Monday, Mar. 29, 1971

The Scholarship Shrinkage

Squeezed by money problems, U.S. campuses from Yale to Vanderbilt are trimming scholarships for needy students, who now must borrow more, work more or quit college. The University of Pennsylvania is an agonized example. In the past 13 years, scholarships have grown faster than any single item in its budget--from $2 million to $14 million. They have helped Penn to increase its mix of black and poor students. But Penn is running a $1.9 million budget deficit. As a result, it is eliminating 57 of the 867 scholarships it now offers freshmen.

Even though the cuts are still relatively modest, they have incensed Penn's dean of admissions and financial aide, George A. Schlekat, 33, himself a full-scholarship student at Penn twelve years ago. Last week Schlekat resigned in protest, calling the policy "suicidal." Penn President Martin Meyerson is tightening up sharply in other areas besides scholarships; he is seeking to save by imposing a ban on new faculty hiring. But Schlekat argues that the administration could have made further sacrifices to help needy students, particularly in the university's "rather grand research facilities." Schlekat is certain that the reductions will affect Penn's "heterogeneity."

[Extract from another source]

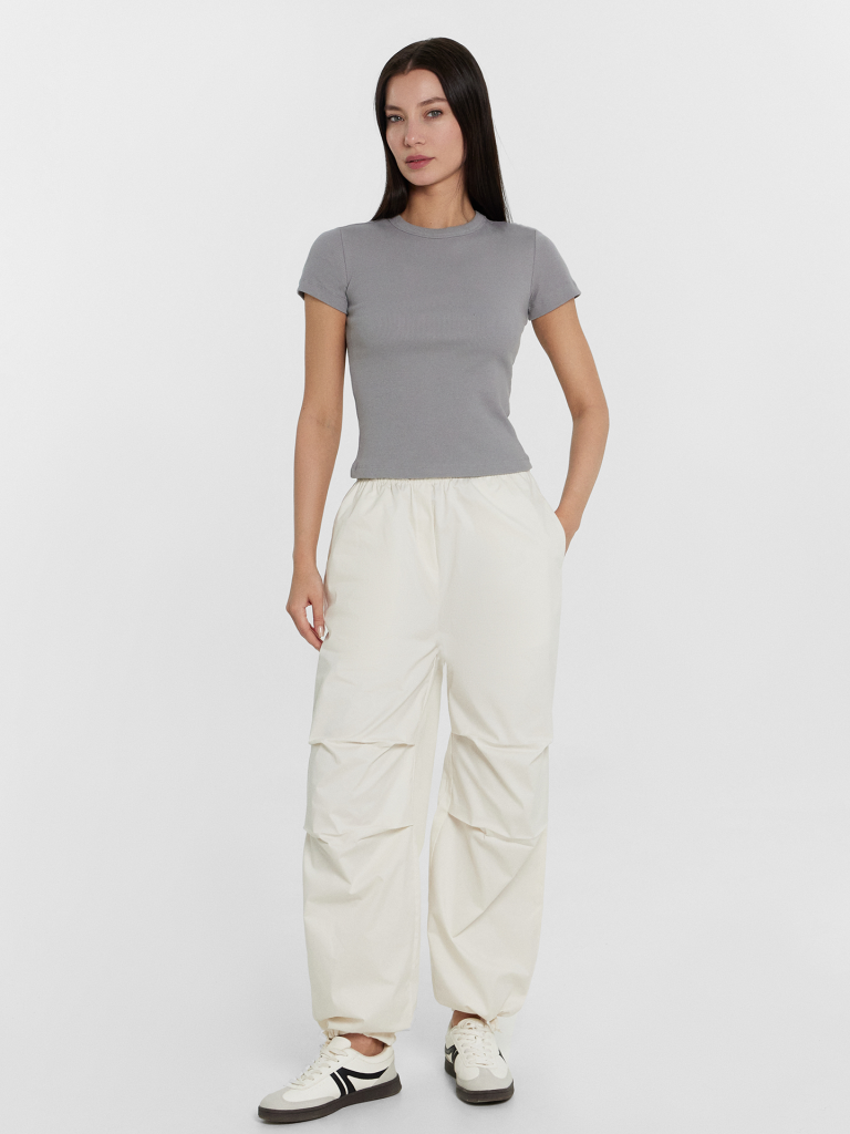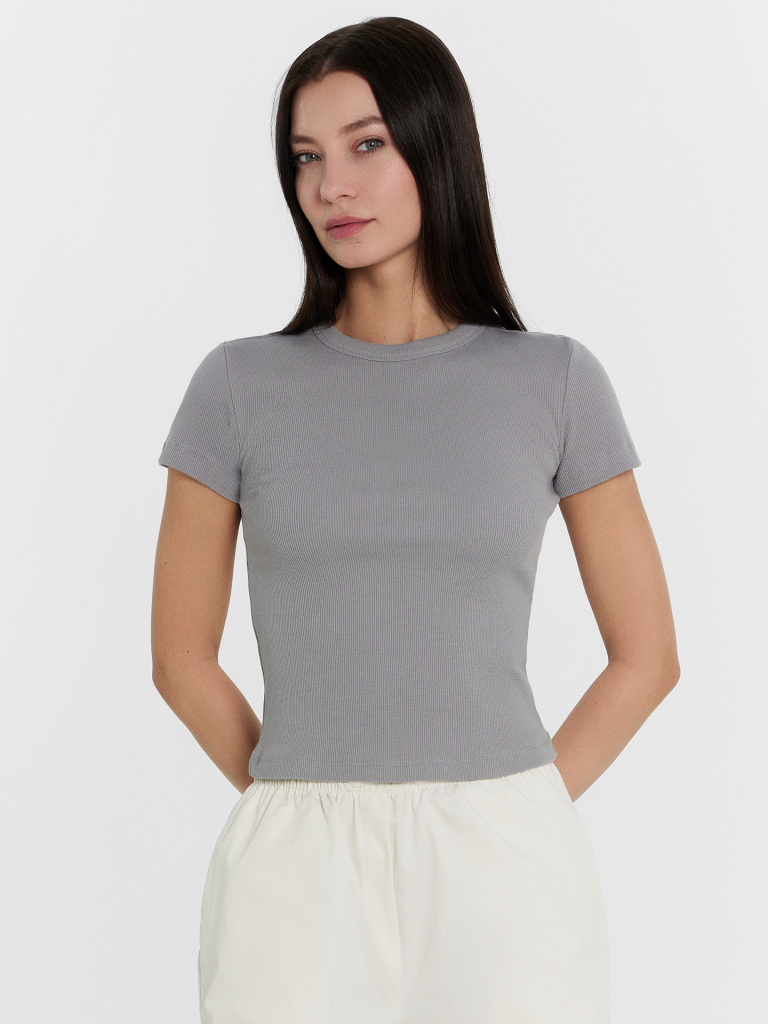 Джемпер прилегающего силуэта. Горловина круглой формы обработана бейкой в 4 сложения из основного полотна. Рукава втачные, короткие. Нижние срезы джемпера и рукавов обработаны швом вподгибку.

Schlekat and Meyerson agree that the long-range solution is more federal aid for colleges, but that is hardly close at hand. Neither, in fact, is heterogeneity in U.S. higher education. Despite all the recent efforts to enroll minority-group students, a forthcoming report by the Ford Foundation says that the number of black students will have to increase by 116% before black and white America have the same proportion of their children in college. For other minorities the gap is still more dramatic. If they are to pull abreast of whites, enrollment of Puerto Ricans will have to grow by 225%, Mexican Americans by 330% and American Indians by 650%.